**SOURCE DATA:**
== Segment start ==

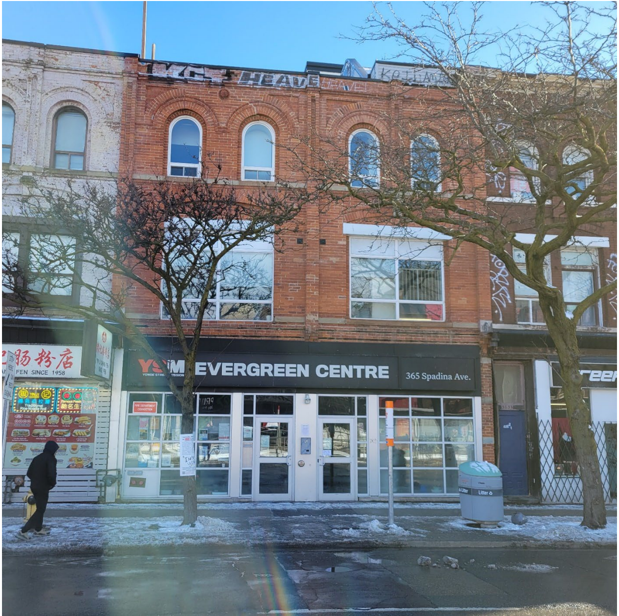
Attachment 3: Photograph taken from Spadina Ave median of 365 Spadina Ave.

== Segment end ==
== Segment start ==

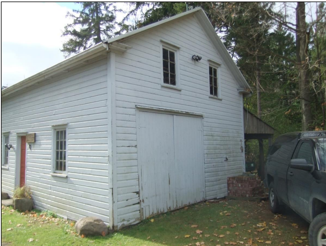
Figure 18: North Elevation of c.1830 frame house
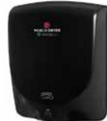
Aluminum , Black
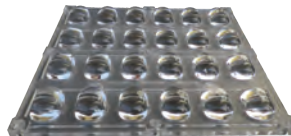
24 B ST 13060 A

== Segment end ==
== Segment start ==

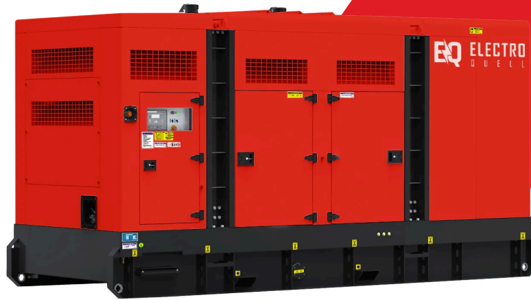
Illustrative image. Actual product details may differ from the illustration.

== Segment end ==

**WHAT YOU NEED TO DO:**
From the records above, copy only the lines running from the line containing "Figure 18: North" to the line containing "24 B ST 13060 A", both ends included. Leave the pictures out.

**OUTPUT BELOW:**
Figure 18: North Elevation of c.1830 frame house
Aluminum , Black
24 B ST 13060 A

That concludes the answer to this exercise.